What does this mean for Buyers?
Nothing. Searching any type of consumer MLS web site will not show them which properties are mere postings and Realtor.ca will remain a secondary web site search tool for buyers.
What does this mean for agents?
A Realtor in a minimum representation scenario, is still 100% responsible for the accuracy of the information they post. They must still retain a trust account even if they need to pay a co-operating Realtor $1. They will still be required to administer the entire transaction. This type of Realtor will not be there to protect the client and only providing very limited representation. A full service Realtor will continue to provide outstanding value because its their career. For the full service Realtor, this is an amazing opportunity to find more property not readily available in the private world. A buyer “client” working with this full service Realtor will have more inventory to choose from and someone who’s experienced to negotiate on their behalf.
What happens from here?
Its business as usual. The industry hasn’t changed. What percentage of sales are For Sale By Owner? Under 10%. What do they do if they can’t sell? List with an agent. Sure there will be a little more leg work for the Realtor and more forms introduced to protect all parties involved. Especially the “you’re on your own because you’ve been explained limited representation” form. Most Sellers that try this Minimum Service route will convert when they realize just how difficult it is to sell and act as their own agent. I even didn’t sell my own house and I’m a Realtor of 22 years. Buyers will need to be educated of all their options, they will quickly realize that these sellers are at a tremendous disadvantage and having a Realtor assist them is even more beneficial.

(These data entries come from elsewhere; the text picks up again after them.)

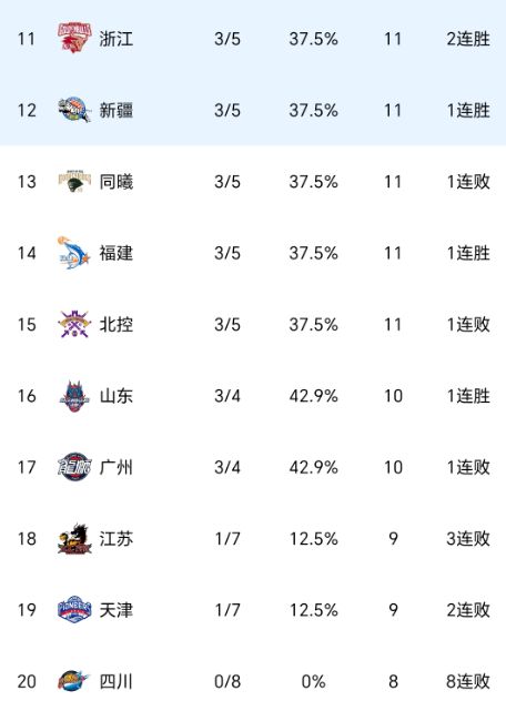 8连胜!8连败!CBA疯狂一夜:全胜剩1队广厦助攻广东附最新排名
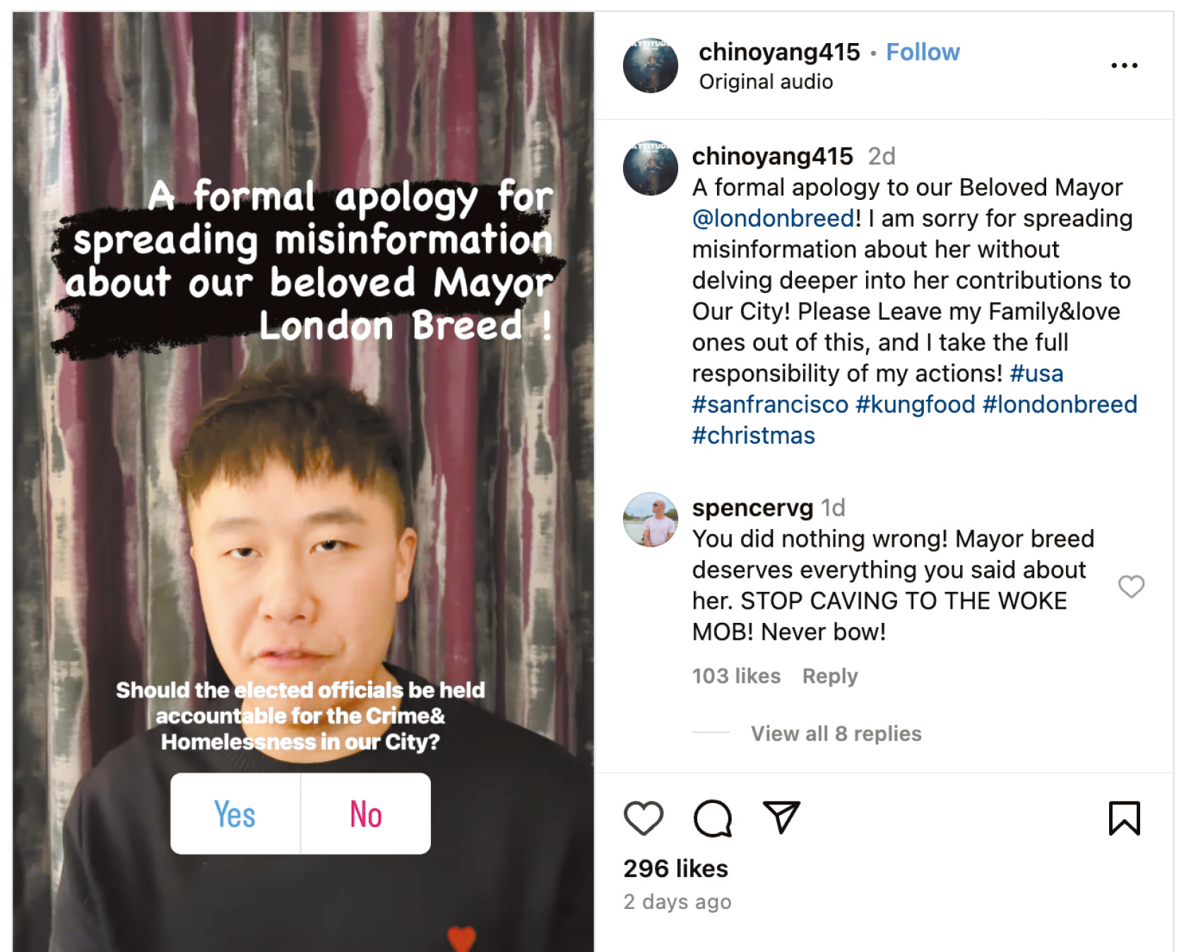 楊曉川在舊金山長大,經(jīng)營的餐廳Kung Food過去三年被盜七次,他因此創(chuàng)作說唱歌曲,抨擊舊金山治安惡化、仇視亞裔激增、零售盜竊頻發(fā)問題,指市長應(yīng)該負(fù)責(zé)。他在歌詞中炮轟“布里德市長你就是一個(gè)小丑”、“用你的中指向市長致敬”、“尤其這些白左根本不在乎華人”。歌曲發(fā)布后在社交媒體擴(kuò)散,并引起主流社會(huì)討論。
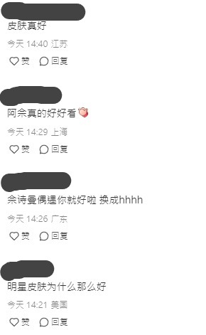 有網民在社交平台分享了一張在商場野生捕獲佘詩曼的合照,以「香港五月天取消結果偶遇佘詩曼」為標題,撰文寫道「本來整個人很down,結果去商埸見到了佘詩曼,本人非常nice,合影都同意了」。相中的阿佘身穿白色上衣和牛仔褲,向著鏡頭展露微笑,完全沒有架子!近看阿佘肌膚狀態超緊緻,皮膚亦光澤透亮,難怪被網民稱為「凍齡女神」!

These models and discount brokerages have always been here. Discounted services and Brokerages have always and will always exist. Agents have always been able to set their fee. When an agent offers a commission to a co-operating broker, do we ever know what the listing Realtor receives anyway?
After reviewing all the changes and the pitfalls associated with minimum representation options, there is absolutely no way we would consider or be anything less than Full Representation, Full Service Realtors and Brokerage. Why? Because our clients come 1st!